No domingo, dona Clotilde saiu à varanda e gritou a plenos pulmões que as pílulas do filho a curaram. Toda a vizinhança ouviu, mas ninguém sabia exatamente do que ela estava curada.

Ludovico e Semíramis acordam na segunda-feira com um vozerio à porta da farmácia e viram a atendente Salete organizar a fila e distribuir senhas.

— O que está acontecendo?

— Todos querem a pílula da Fé. Viram a recuperação de sua mãe.

— Mea culpa. Eu devia ter sido mais cuidadoso.

— Seu Ludovico, diz logo que é placebo, para diarreia, e eles irão embora.

Ludovico foi até a porta da farmácia e tentou explicar o que aconteceu, mas ninguém lhe deu ouvidos. Viram dona Clotilde curada e queriam a tal pílula.

— Não adianta seu Ludovico. Eles acham que o remédio cura o Covid, mas a lei manda ficar em casa em quarentena. O que vamos fazer?

Dura lex sed lex. A lei é dura, mas deve ser cumprida.

— Para com esse latim Ludovico! Estamos em guerra contra o Covid e ninguém consegue prever quando teremos paz.

Si vis pacem, para bellum.

— O que é isso seu Ludovico?

— Se você quer a paz, então prepare-se para a guerra. A quarentena é obrigatória nessa guerra, e todos queremos a paz. Vou dar o placebo, pedir que façam uma novena e não saiam de casa por duas semanas. Alea jacta est.

— O que ele disse à doutora?

— A sorte está lançada. Ele não perde a mania do latim.

— Seu Ludovico, ouvi que tem gente que quer se isolar por um mês!

Abundat non pejus.

— Ô seu Ludovico, não precisa ofender.

— Ele só disse que o que abunda não prejudica, e eu concordo. Melhor se resguardar mais do que menos tempo.

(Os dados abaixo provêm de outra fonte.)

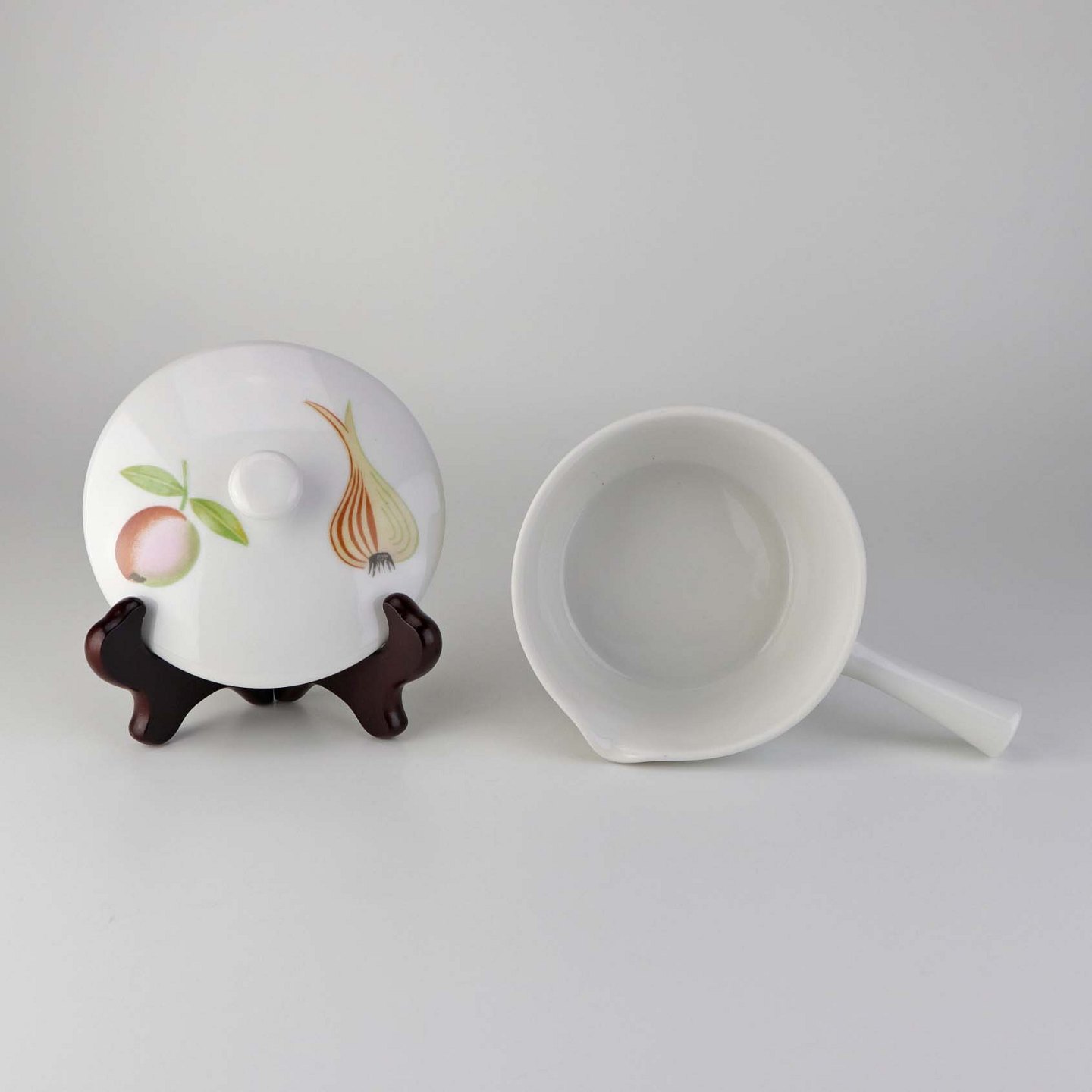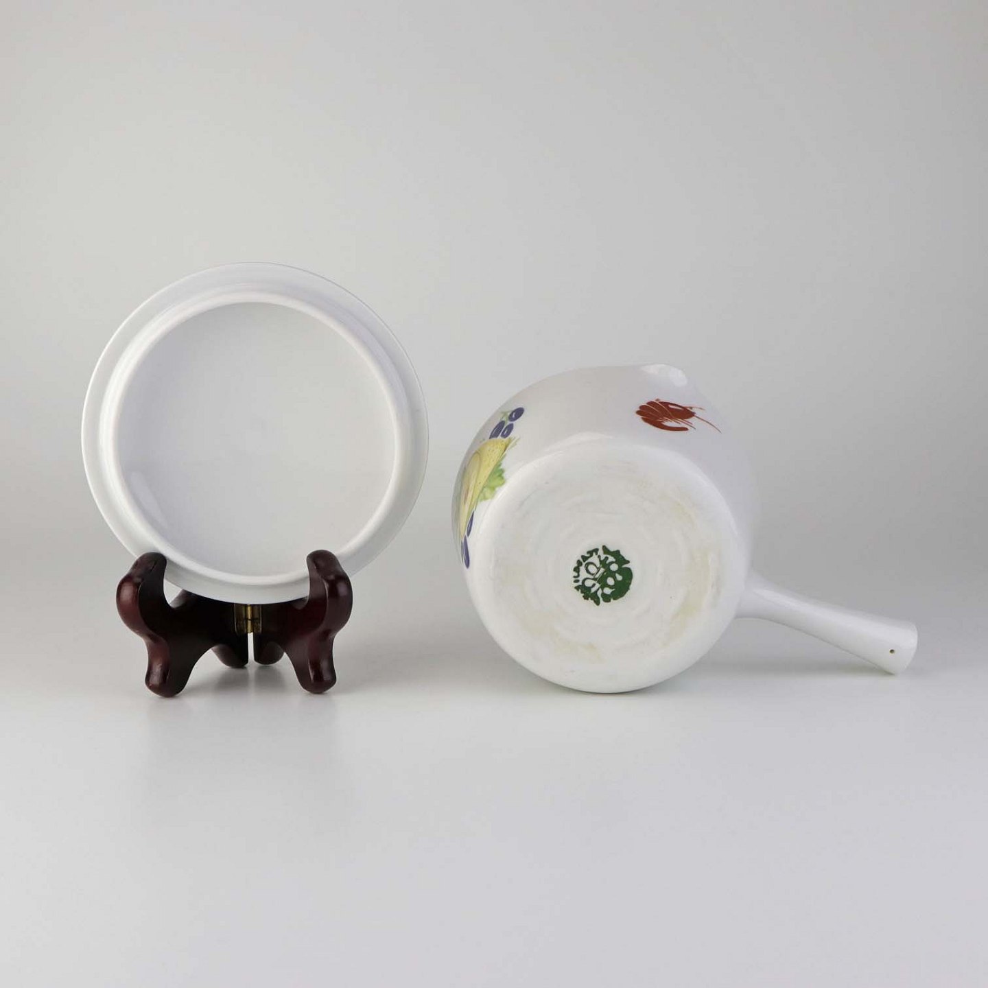 Stellet er i glat hvidt porcelæn med varierende farverige motiver af frugter og grønt.

A notícia se espalhou no vilarejo. O cônego Pêra, preocupado com o envolvimento de sua fé, visitou Ludovico na farmácia e encontrou o prefeito Epaminondas, seu desafeto, preocupado com a possível desobediência ao decreto de isolamento social. Atento ao comentário geral, Alberto Roberto, único repórter da rádio Difusora de Cucuí, correu até a farmácia. Ao chegar, viu os dois desafetos, o cônego e o prefeito, conversando cordialmente, cada um com um frasco de pílulas na mão. Ambos disseram ao repórter que a igreja e a prefeitura decidiram apoiar a campanha.

Com a repercussão da notícia do apoio da igreja e da municipalidade à campanha, em apenas dois dias toda a população passou pela farmácia para retirar o “medicamento”, de graça, custeado por verbas públicas. Um frasco com dezoito pílulas para cada pessoa, duas vezes ao dia durante a novena e mais cinco dias de repouso.

— Parabéns amor. Você fez o que os políticos não conseguiram nem com ameaça de prisão. Todos ficaram em casa duas semanas sem protestar.

— Eu não fiz nada a não ser ouvir e interpretar a voz deles.

— E desde quando esse povo sabe o que diz ou o que é preciso fazer?

Vox populi, vox dei.

— Mais latim. Eu não aguento.

A pandemia terminou, deixando rastro de tristeza pelo país, mas nenhum habitante de Cucui de Las Palomas foi contaminado. Alberto Roberto, em seu programa Balanço Semanal, afirmou que nos momentos de crise, se as autoridades trabalharem unidas, inclusive os desafetos, todos se beneficiam. A união improvável entre fé, política e ciência, com apoio da mídia, livrou Cucuí do vírus. Como seria bom se o país seguisse o exemplo!